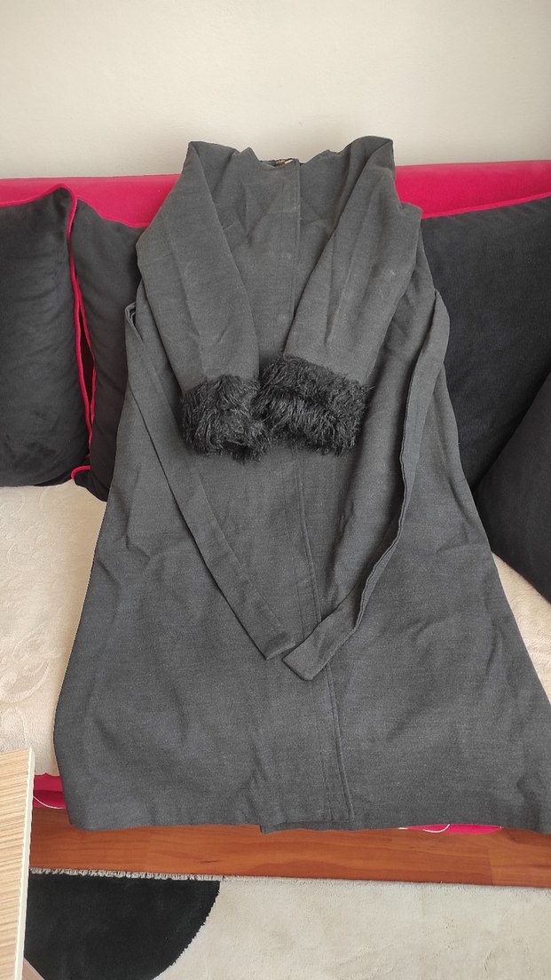 Gri uzun kaban, kürk detaylı manşetlere ve kesimli yakaya sahiptir. Yumuşak sentetik kaliteli şık yeniden farksız iki koltuk arası 49 boyu 117 hemen satılsın diye ucuza koyuyorum
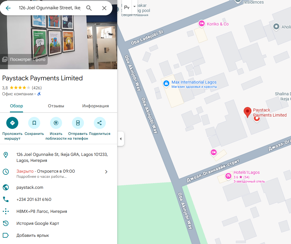 Указаны email поддержки hello paystack com и физические адреса офисов в Лагосе, Кейптауне, Аккре, Найроби и Абиджане. Есть нигерийский телефон для связи.
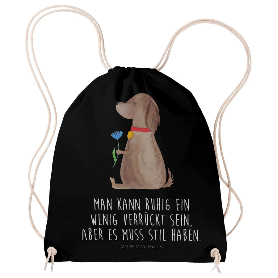 Sportbeutel Hund Blume - mit Spruch - Schwarz
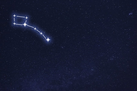 Big Dipper constellation. Stick figure pattern in starry night sky
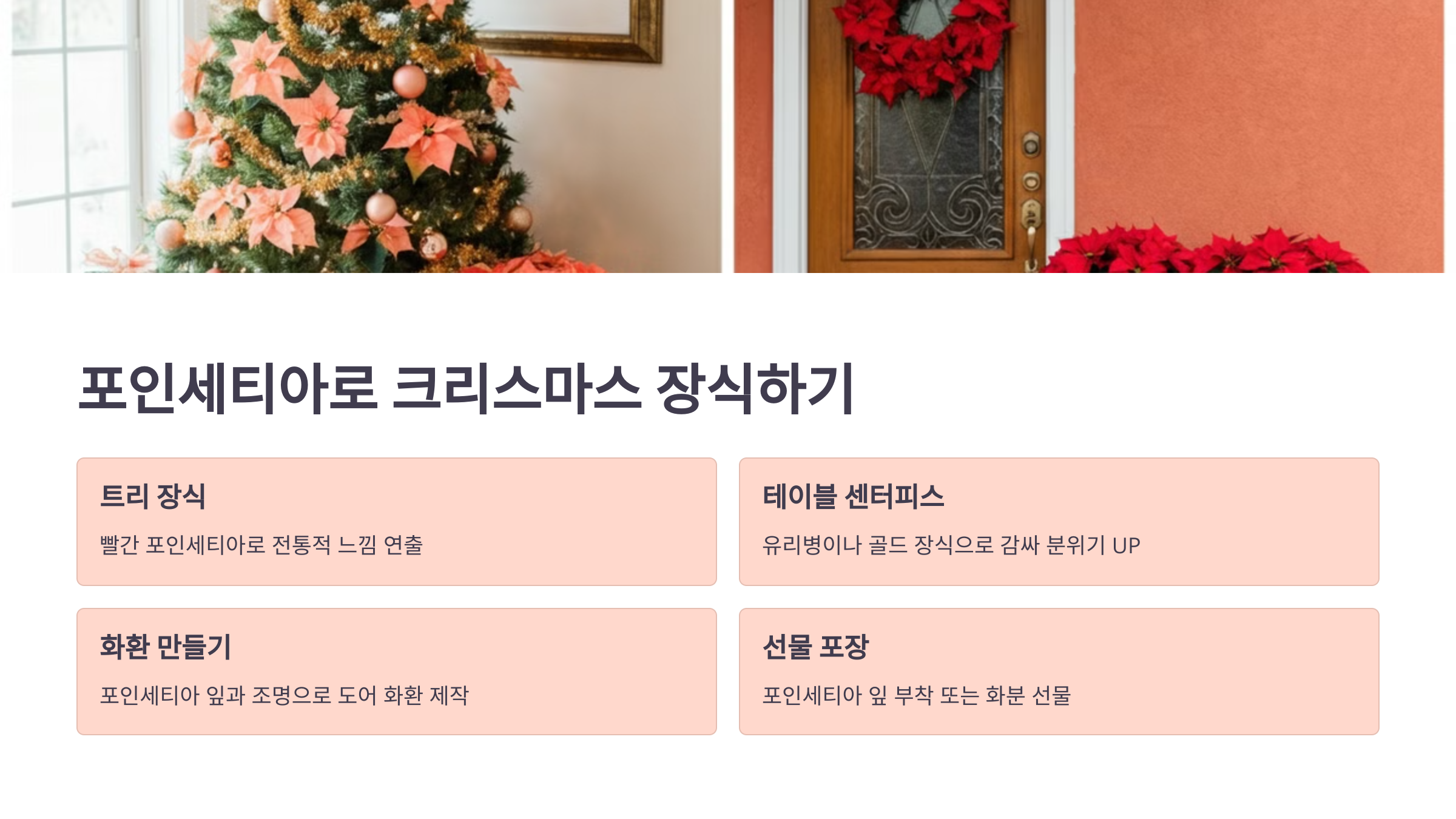 - 포인세티아를 활용한 테이블 장식은 연말 식탁을 더욱 빛나게 합니다.
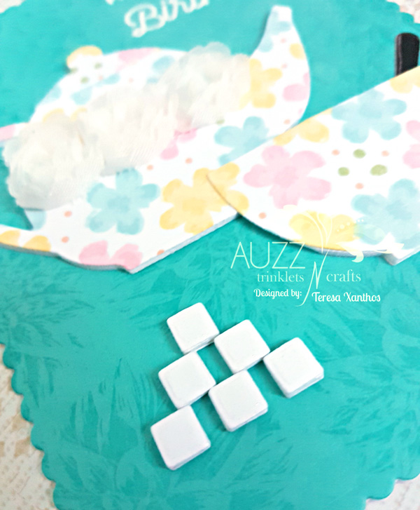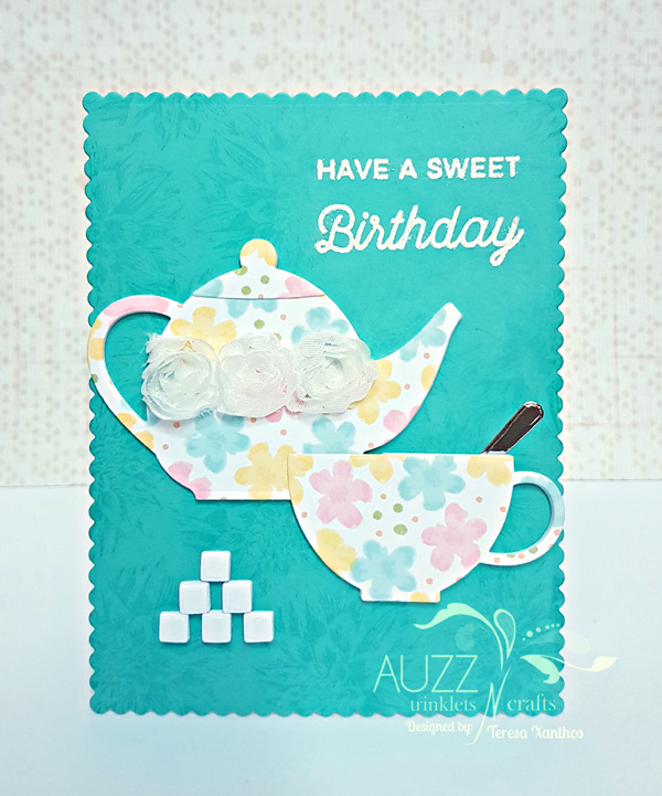 I then die cut multiple (7-8) tea pots, lids, teacups and (42-48) sugar cubes with the dies from plain white cardstock and adhered the pieces together using Ranger Multi Medium Matte to make sturdy embellishments. Before adding the top stamped piece of the tea pot lid and tea cup I cut away a small area of the plain adhered pieces with myTim Holtz scissors to allow the pieces to sit flush over the top of the teapot. I then added the top piece and glued the teapot, lid, cup and sugar cubes into place using Ranger Ink Multi Medium Matte.
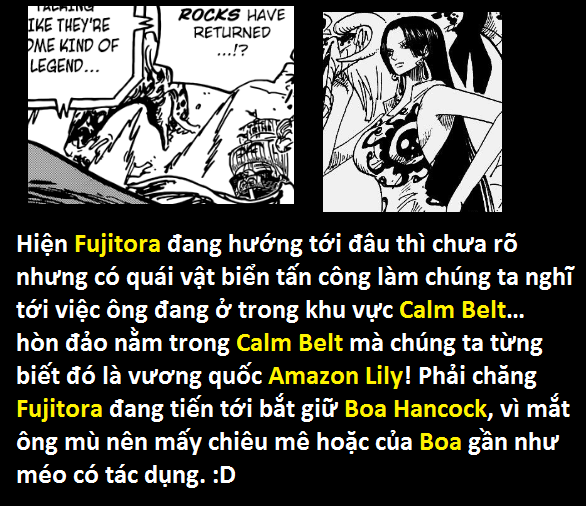 Hiện tại chưa rõ Fujitora đang hướng tới đâu, nhưng với việc có quái vật biển tấn công, có thể ông đang ở trong khu vực Calm Belt. Hòn đảo nằm trong Calm Belt mà chúng ta từng biết đó là vương quốc Amazon Lily! Có lẽ Fujitora đang định bắt giữ Boa Hancock, vì với mắt ông mù, mấy chiêu mê hoặc của Boa gần như không có tác dụng.
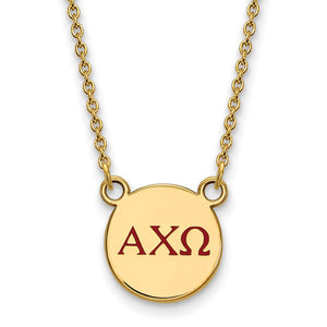 14K Plated Silver Alpha Chi Omega Small Red Enamel Greek Necklace
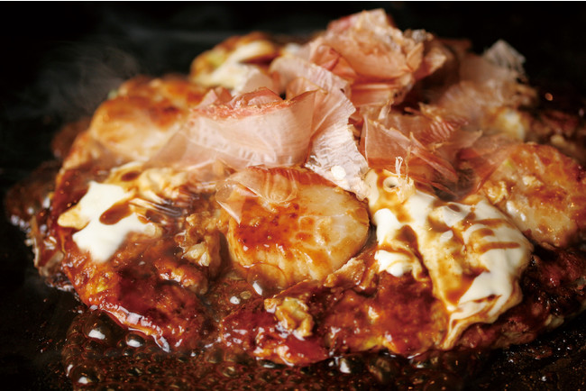 10分以上かけて、丁寧な焼き上げる伝統の一枚。ずっしりと重い生地とは対局に、上品で後味も軽い上品に仕上げます。本場、大阪の味を継承した「ホンマモン」の味をお楽しみください。

_Directions for this task:_ Transcribe the listing above exactly, but only from the line with "Big Dipper constellation." through the line with "- 포인세티아를 활용한 테이블 장식은 연말 식탁을 더욱 빛나게 합니다.". Include both of those lines and omit the pictures.

_Result of the task:_
 Big Dipper constellation. Stick figure pattern in starry night sky
 - 포인세티아를 활용한 테이블 장식은 연말 식탁을 더욱 빛나게 합니다.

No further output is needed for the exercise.